03 Feb How to Freelance While Traveling
People think it’s glamorous and easy. It isn’t. Freelancing is difficult enough to begin with and traveling while you do it makes it all the more problematic. It can be challenging to juggle projects and deadlines, changing scenery and schedules, and most of all to remain calm during what can feel like a high-powered storm. Here are my favorite tips and tricks to keep you sane and successful.
Decipher your work style
Keeping a routine is obviously easier when you’re at home. We naturally fall into a pattern that works for us because we have more control – we know our surroundings and what to expect from a typical day; we know if we tend to prefer morning hours or late nights and what types of interruptions generally befall us.
While different people work better in different environments and at different times of day, all of that can be turned on its head when you’re out on the road. First things first – figure out when and where you work best. You can’t make a plan without having clarity on the times of day and types of environments that foster productivity for you.
Make a schedule
Next, make a schedule. Travel is unpredictable and that can make this step complicated, but if you have a sense of your best work conditions you can consciously try to cultivate them. Do you work best in the morning? Try to reserve that time to chip away at projects before you hit the road. More of a night owl? Try to get off the road by a certain hour so you can be set up to work. Do you like to work in the middle of the day? Try to break up travel plans so you can have some quiet time to accomplish your tasks.
There’s nothing worse than sitting down to work and not knowing where to start; it can cause stress and stall productivity. Worse, how terrible is it to realize that you’ve missed a deadline or haven’t completed an important assignment? Both of these scenarios can be prevented by utilizing good organization skills.
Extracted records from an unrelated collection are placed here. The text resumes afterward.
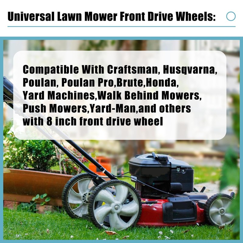 8" lawn mower wheels compatible with MTD, Yard Man, Craftsman, Huskee, Yard Machines Self Propelled Walk-Behind lawnmower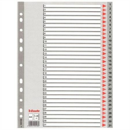 Regiszter, műanyag, A4, 1-31, Esselte, szürke - szürke színű regiszter - nagyméretű téglalapok az előlapon a tartalom feltüntetésére - 1-31 felirattal rendelkező regiszter fülek a dokumentumok gyors eléréséhez - megerősített lefűzőrész az előlapon - hagyományos, 11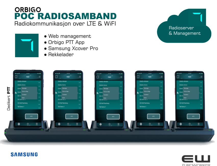- POC enheter kommuniserer umiddelbart via Orbigo PTT kommunikasjonsserver som ligger trygt i skyen.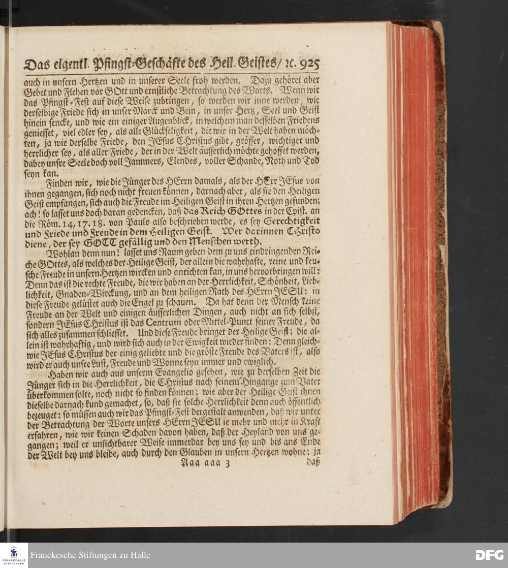 August Hermann Franckens, S.Theol.Prof.und Past. Sonn= und Fest=Tags=Predigten / Welche Theils in Halle, theils an verschiedenen auswärtigen Oertern, von wichtigen und auserlesenen Materien gehalten worden, Nebst Vorbereitung auf die hohen Feste und nützlichen Registern. Dritte Auflage. HALLE, gedruckt und verlegt im Wäysen=Hause MDCCXL. Mit Königl.Preuß.und Churfl.Brandenb.Privileg.

Things like prioritizing clients/projects, utilizing checklists, deadline reminders, and the use of a detailed calendar can make a big difference. I really like to use a traditional planner and write out my lists by hand. However, when it comes to digital reminders I’m a huge fan! They help me stay on track even when the world is flying by my window.
Use productivity apps
So, apart from a digital calendar (I use google to send me deadline reminders), I recommend finding productivity apps that help you stay on track and accomplish your work more efficiently and easily. Depending on your profession, different apps can help you stay on track. Some of my personal faves include Toggl, Hootsuite, IFTTT and Evernote. Toggl is an app designed to gauge the amount of time spent on different projects and for different clients. Hootsuite is a scheduler used to create posts in advance and plan the date and time of their release over a variety of social networks. IFTTT creates helpful automated formulas to send notifications, repost material and a host of other activities. Evernote collects article URLs and notes while researching. I also killed my Facebook Newsfeed because it was too distracting.
The apps that work for me may not be the ones that work for you – it really depends on what you do and what you need. None of these apps have sponsored my recommendation; they’re just the ones that I use.
The more slowly we travel, the more time we can spend completing our work. If you stop along the way, taking time to work on and complete projects before moving on, you’ll experience less stress and complete more work.
This is one of those great lessons I’m only beginning to comprehend. When I hit the road I want to go pedal to the metal, but then suddenly I find myself stressing and wondering where the time has gone and how I’ve fallen behind. The solution is pretty simple though. When I travel more slowly, I can set aside ample time to nurture healthy work habits that keep me efficient and happy… not to mention I have more time to savor the place I’m in.
Separate work time from me time
As a freelancer, it’s easy to fall into the workaholic routine – we are the boss of our own business and so, we want to do our best. But problems arise because any time can be justifiable work time and the line between your personal activities and obligations can blur, causing anxiety and a withdrawing from the things that make you happy. By separating the two, defining time for work and time for play, you’ll find increased productivity and focus while working and increased joy over all. Take time to de-stress, to set work aside, to really be present and do whatever makes you happy.